Review Summary: “Magma” solidifies the fact that Gojira are in a league of their own.
Over the course of a decade, France’s Gojira have grown to represent the next stage of heavy music’s evolution. If you’ve seen them live then nobody can dispute the fact that for all the technical brilliance of their peers such as Mastodon and Lamb of God, there’s something so emotive and soulful about whatever the Duplantier brothers do that makes it seem like Gojira are in a complete league of their own. With their sixth album, “Magma”, they continue to traverse to further lands that are so eloquently dominant over the ocean of modern metal bands out there.
Just like the layered tectonic structure of the Earth, “Magma” has been crafted upon foundations of varying emotions.
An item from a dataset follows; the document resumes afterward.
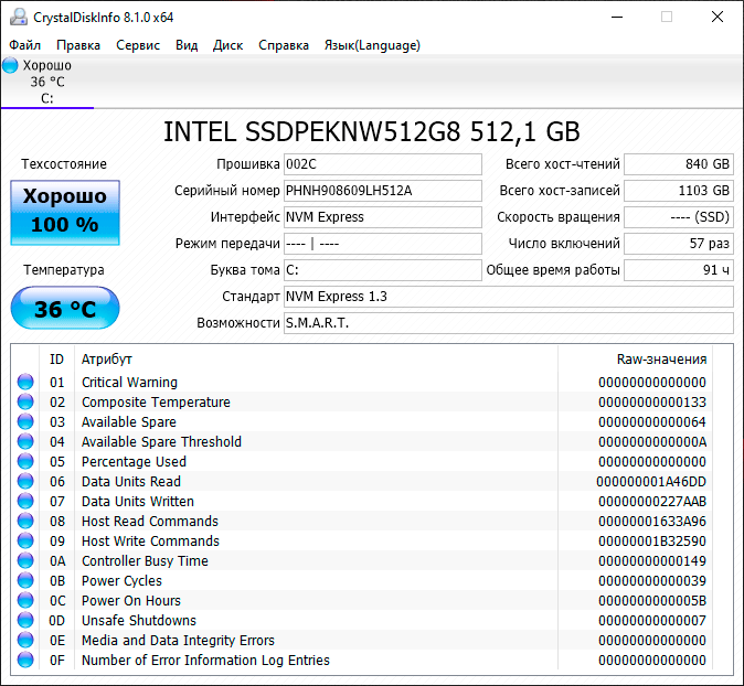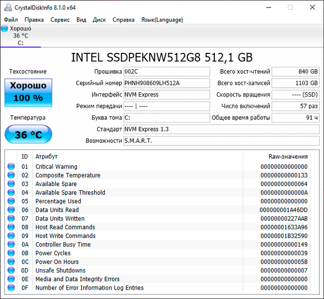 | Накопитель | 1×SSD 512 ГБ (Intel SSD 660p, M.2 2280, PCIe 3.0 x4) | |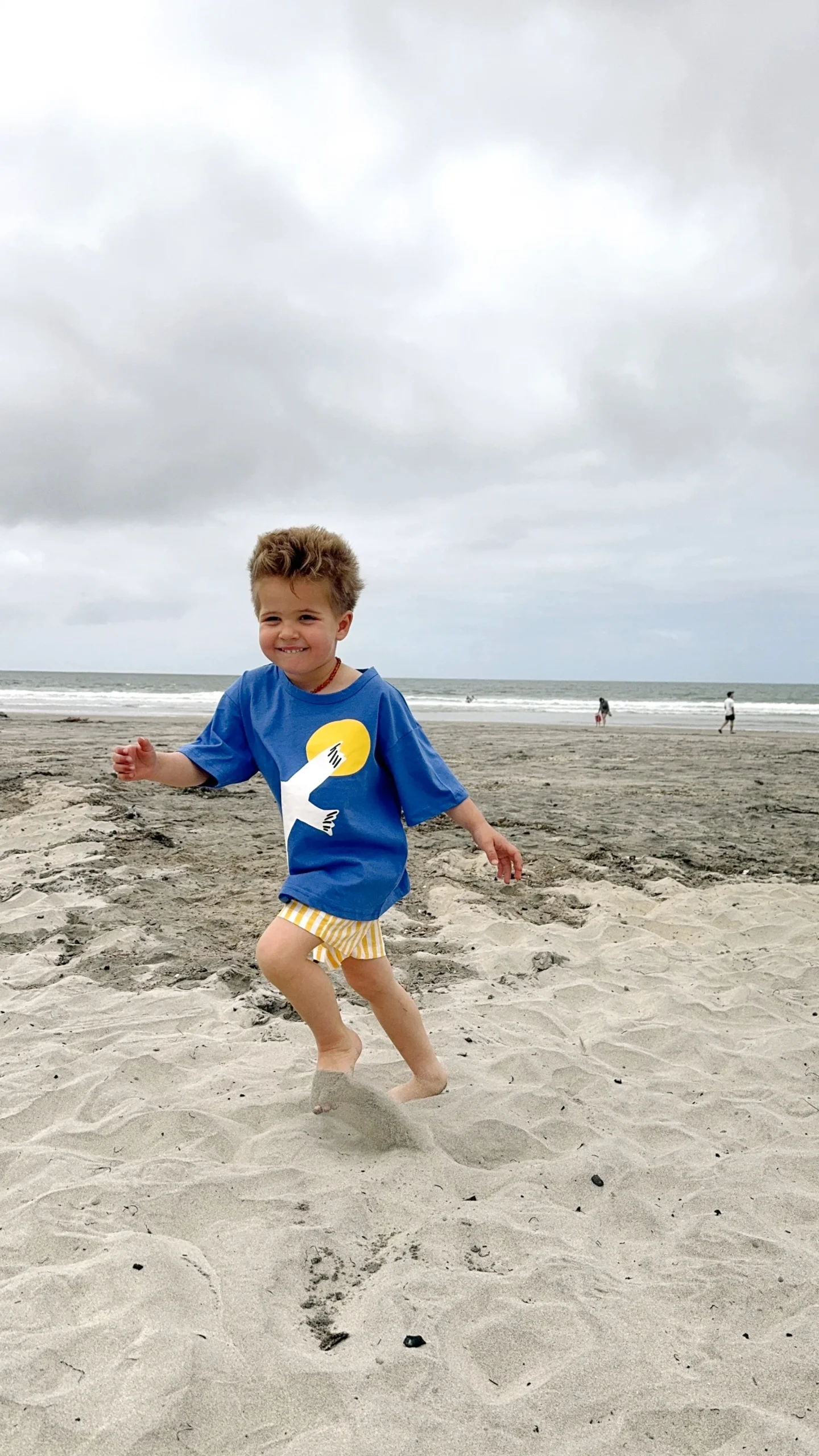 - Coordinate siblings by color family (navy/denim/sand) rather than matching identical outfits—the tee’s seagull ties the story together.

On the surface you've got Gojira simply evolving their hammering sound into more simplistic rhythms, like ‘Stranded’, while sounding just as heavy as before. But, beneath the surface is a natural ebbing progression that lies deep in the roots of the Mt. Gojira. On ‘The Cell’ and title track you’ve got Mario’s inevitably stellar technicality on drums but it’s the wisps of guitar from Christian Andreu on the title track or Jean-Michel Labadie’s murky bass in the previous song, ‘Yellow Stone’ that boils the intensity towards the special, heated captivation that only Gojira can conjure.
With “Magma”, the relationship of music and melody is solidified by the sad passing of the Duplantier brother's mother in 2015. Compared their brazenly heavy catalogue, this loss has impacted the mood of this album greatly. The intense emotions contort from a slow kindling fire to blazing infernos of rage that characterize the title of the album: something boiling and ready to erupt. The serene intro, ‘The Shooting Star’, with its longing lyrics of “When you get to the other side, please send a sign” and pensive riffs exemplifies the calmer and reflective side of the album while transitions between imposing vocals and explosive guitar slides on ‘Pray’, plus the screeching whammy hooks on ‘Only Pain’, identify the extreme and severe cascade of emotions from the same tragedy. Having been immortalised within this album, “Magma” feels more like a celebration rather than a mournful eulogy of Patricia Rosa Duplantier.
Though far from accessible, the music on “Magma” is just as diverse as ever. Mario’s drumming is endlessly meandering round each guitar hook that his brother, Joe, can throw at him and the sound of the bass lines-when exposed- can only be described as the echoes of the Earth’s plates grinding. Joe Duplantier also maintains the elasticity of his own riffing with death metal influences on ‘Silvera’ and progresses the flexibility of his tender clean vocals in various occasions throughout “Magma” with success, particularly in ‘Low Lands’.
Would Gojira be the same beast that they are now without the conviction behind the music? No. Their ferocious environmental beliefs and maternal spiritual guidance on “Magma” are matched only by the sophistication of their instrumentation. Here, the music acts as a medium to which their messages are conveyed in a way that only makes Gojira’s songs all the more compelling. Music and passion: one cannot live without the other.